Should pictures appear among the records, leave them out, and copy exactly only the lines from the first through the one with "気づいて欲しいのに あなたはただお皿に夢中 |", inclusive.

════════════════════

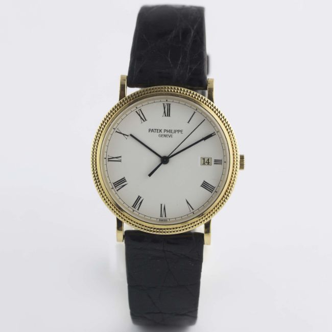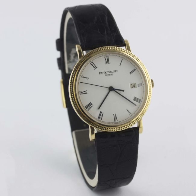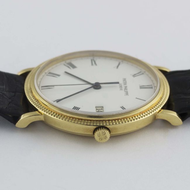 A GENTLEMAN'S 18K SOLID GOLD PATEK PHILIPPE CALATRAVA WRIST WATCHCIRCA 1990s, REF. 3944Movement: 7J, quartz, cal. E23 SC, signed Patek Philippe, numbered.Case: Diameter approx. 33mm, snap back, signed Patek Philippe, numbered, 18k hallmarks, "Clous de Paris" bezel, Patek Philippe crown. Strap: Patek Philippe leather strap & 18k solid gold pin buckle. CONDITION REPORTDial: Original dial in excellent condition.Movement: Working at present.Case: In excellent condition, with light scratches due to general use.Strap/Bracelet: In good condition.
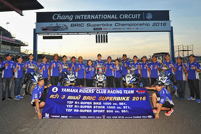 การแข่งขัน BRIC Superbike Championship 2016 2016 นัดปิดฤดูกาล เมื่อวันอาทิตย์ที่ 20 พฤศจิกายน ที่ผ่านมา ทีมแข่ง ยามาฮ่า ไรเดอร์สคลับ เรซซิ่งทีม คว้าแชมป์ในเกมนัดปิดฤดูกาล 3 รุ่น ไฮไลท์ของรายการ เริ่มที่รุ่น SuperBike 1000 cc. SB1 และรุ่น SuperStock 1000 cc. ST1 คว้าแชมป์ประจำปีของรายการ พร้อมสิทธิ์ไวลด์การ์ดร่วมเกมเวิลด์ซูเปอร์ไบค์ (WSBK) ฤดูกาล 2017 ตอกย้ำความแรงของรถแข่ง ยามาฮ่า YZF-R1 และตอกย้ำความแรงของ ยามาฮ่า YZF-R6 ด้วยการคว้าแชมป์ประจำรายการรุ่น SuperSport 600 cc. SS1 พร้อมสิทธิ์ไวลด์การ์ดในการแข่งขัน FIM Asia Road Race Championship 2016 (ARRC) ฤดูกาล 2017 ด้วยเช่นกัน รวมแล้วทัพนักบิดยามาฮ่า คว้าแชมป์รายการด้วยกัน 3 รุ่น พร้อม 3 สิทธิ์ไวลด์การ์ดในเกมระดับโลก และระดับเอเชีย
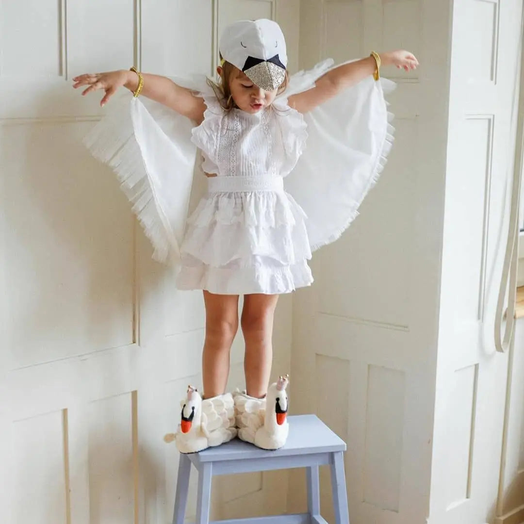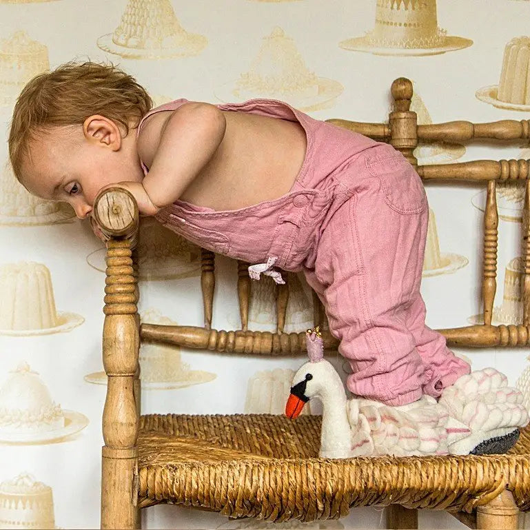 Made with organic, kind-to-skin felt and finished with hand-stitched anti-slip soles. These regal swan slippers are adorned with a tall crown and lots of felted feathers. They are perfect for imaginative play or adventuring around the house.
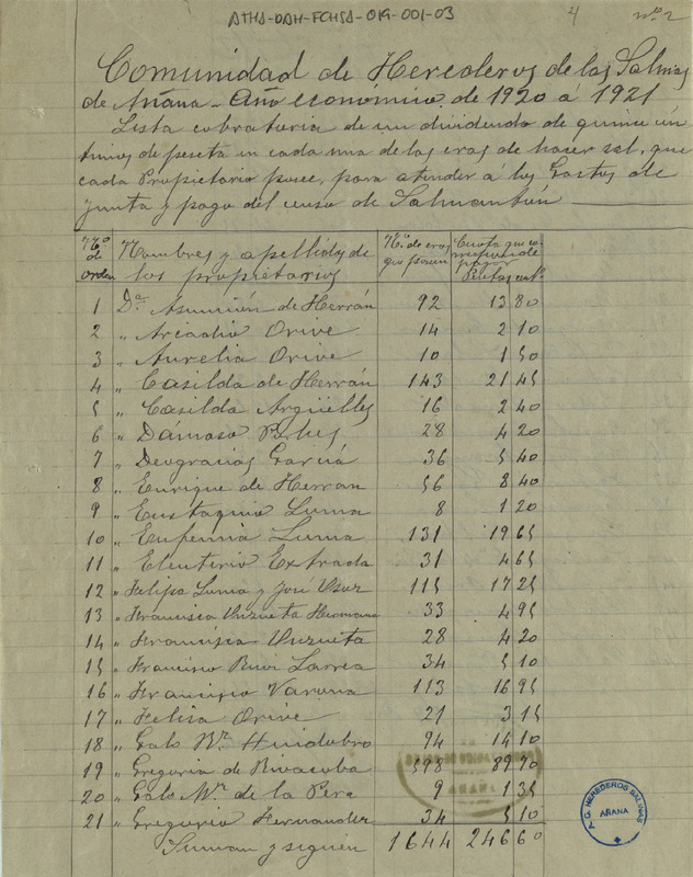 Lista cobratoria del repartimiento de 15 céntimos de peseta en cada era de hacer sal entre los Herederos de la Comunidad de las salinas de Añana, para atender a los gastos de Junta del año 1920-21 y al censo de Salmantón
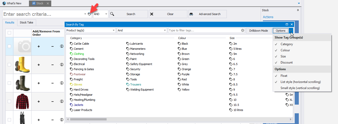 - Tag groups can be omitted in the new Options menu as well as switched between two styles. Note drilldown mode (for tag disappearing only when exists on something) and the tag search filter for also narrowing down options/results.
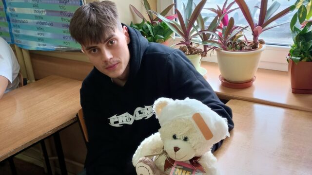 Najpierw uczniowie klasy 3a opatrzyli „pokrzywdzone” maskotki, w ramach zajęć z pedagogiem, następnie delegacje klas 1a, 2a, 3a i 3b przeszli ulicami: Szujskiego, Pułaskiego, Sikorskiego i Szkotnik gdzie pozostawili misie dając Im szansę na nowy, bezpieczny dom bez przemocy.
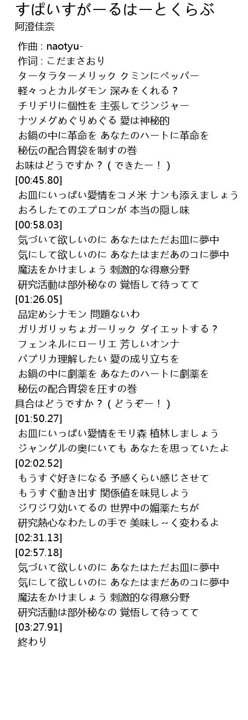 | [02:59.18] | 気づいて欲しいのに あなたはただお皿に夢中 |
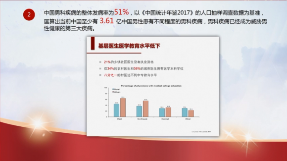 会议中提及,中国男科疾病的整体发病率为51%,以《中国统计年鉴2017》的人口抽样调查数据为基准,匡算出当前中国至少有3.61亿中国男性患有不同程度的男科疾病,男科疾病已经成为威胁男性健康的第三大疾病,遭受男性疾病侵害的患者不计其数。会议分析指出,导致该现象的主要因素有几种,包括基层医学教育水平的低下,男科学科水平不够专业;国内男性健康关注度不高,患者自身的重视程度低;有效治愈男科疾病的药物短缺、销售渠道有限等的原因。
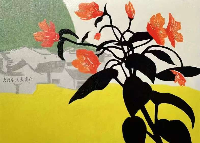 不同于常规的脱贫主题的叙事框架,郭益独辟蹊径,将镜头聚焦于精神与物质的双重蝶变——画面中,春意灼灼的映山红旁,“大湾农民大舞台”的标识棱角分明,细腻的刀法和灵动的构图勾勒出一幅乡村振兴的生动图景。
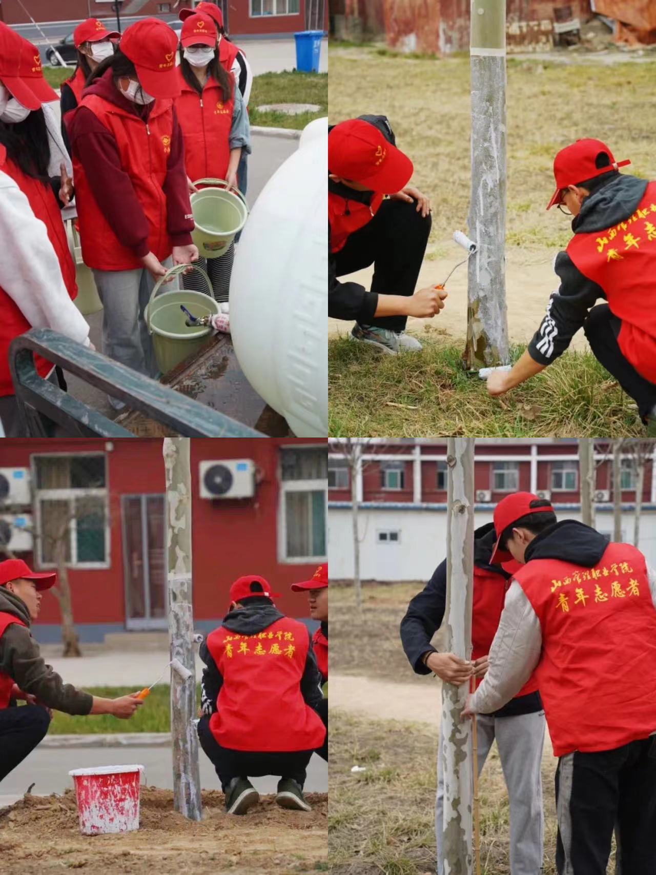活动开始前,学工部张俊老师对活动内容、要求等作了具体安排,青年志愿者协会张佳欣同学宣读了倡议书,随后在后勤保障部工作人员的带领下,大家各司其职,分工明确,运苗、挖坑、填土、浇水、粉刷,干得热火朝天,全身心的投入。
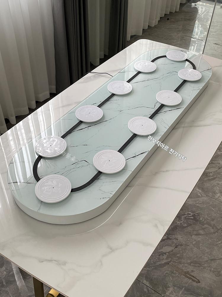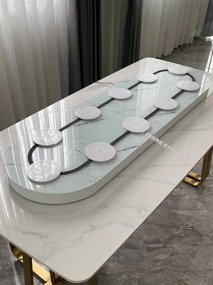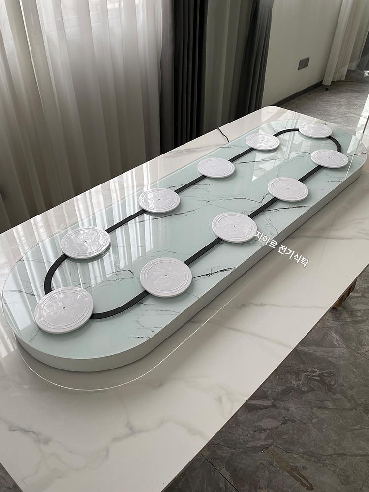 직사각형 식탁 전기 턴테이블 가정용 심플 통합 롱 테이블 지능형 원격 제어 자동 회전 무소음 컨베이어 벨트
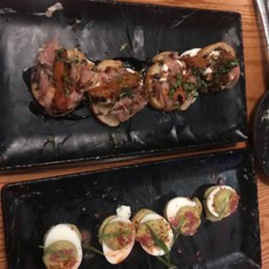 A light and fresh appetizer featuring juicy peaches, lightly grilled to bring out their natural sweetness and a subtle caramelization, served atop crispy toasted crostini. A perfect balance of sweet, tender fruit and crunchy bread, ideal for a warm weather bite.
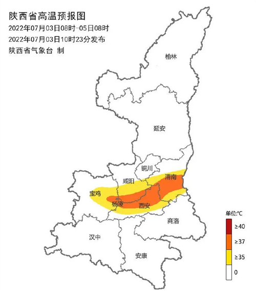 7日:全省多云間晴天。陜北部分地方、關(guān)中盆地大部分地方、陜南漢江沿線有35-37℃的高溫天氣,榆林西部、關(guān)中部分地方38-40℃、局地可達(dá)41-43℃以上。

════════════════════

= Exercise response =
 A GENTLEMAN'S 18K SOLID GOLD PATEK PHILIPPE CALATRAVA WRIST WATCHCIRCA 1990s, REF. 3944Movement: 7J, quartz, cal. E23 SC, signed Patek Philippe, numbered.Case: Diameter approx. 33mm, snap back, signed Patek Philippe, numbered, 18k hallmarks, "Clous de Paris" bezel, Patek Philippe crown. Strap: Patek Philippe leather strap & 18k solid gold pin buckle. CONDITION REPORTDial: Original dial in excellent condition.Movement: Working at present.Case: In excellent condition, with light scratches due to general use.Strap/Bracelet: In good condition.
 การแข่งขัน BRIC Superbike Championship 2016 2016 นัดปิดฤดูกาล เมื่อวันอาทิตย์ที่ 20 พฤศจิกายน ที่ผ่านมา ทีมแข่ง ยามาฮ่า ไรเดอร์สคลับ เรซซิ่งทีม คว้าแชมป์ในเกมนัดปิดฤดูกาล 3 รุ่น ไฮไลท์ของรายการ เริ่มที่รุ่น SuperBike 1000 cc. SB1 และรุ่น SuperStock 1000 cc. ST1 คว้าแชมป์ประจำปีของรายการ พร้อมสิทธิ์ไวลด์การ์ดร่วมเกมเวิลด์ซูเปอร์ไบค์ (WSBK) ฤดูกาล 2017 ตอกย้ำความแรงของรถแข่ง ยามาฮ่า YZF-R1 และตอกย้ำความแรงของ ยามาฮ่า YZF-R6 ด้วยการคว้าแชมป์ประจำรายการรุ่น SuperSport 600 cc. SS1 พร้อมสิทธิ์ไวลด์การ์ดในการแข่งขัน FIM Asia Road Race Championship 2016 (ARRC) ฤดูกาล 2017 ด้วยเช่นกัน รวมแล้วทัพนักบิดยามาฮ่า คว้าแชมป์รายการด้วยกัน 3 รุ่น พร้อม 3 สิทธิ์ไวลด์การ์ดในเกมระดับโลก และระดับเอเชีย
 Made with organic, kind-to-skin felt and finished with hand-stitched anti-slip soles. These regal swan slippers are adorned with a tall crown and lots of felted feathers. They are perfect for imaginative play or adventuring around the house.
 Lista cobratoria del repartimiento de 15 céntimos de peseta en cada era de hacer sal entre los Herederos de la Comunidad de las salinas de Añana, para atender a los gastos de Junta del año 1920-21 y al censo de Salmantón
 - Tag groups can be omitted in the new Options menu as well as switched between two styles. Note drilldown mode (for tag disappearing only when exists on something) and the tag search filter for also narrowing down options/results.
 Najpierw uczniowie klasy 3a opatrzyli „pokrzywdzone” maskotki, w ramach zajęć z pedagogiem, następnie delegacje klas 1a, 2a, 3a i 3b przeszli ulicami: Szujskiego, Pułaskiego, Sikorskiego i Szkotnik gdzie pozostawili misie dając Im szansę na nowy, bezpieczny dom bez przemocy.
 | [02:59.18] | 気づいて欲しいのに あなたはただお皿に夢中 |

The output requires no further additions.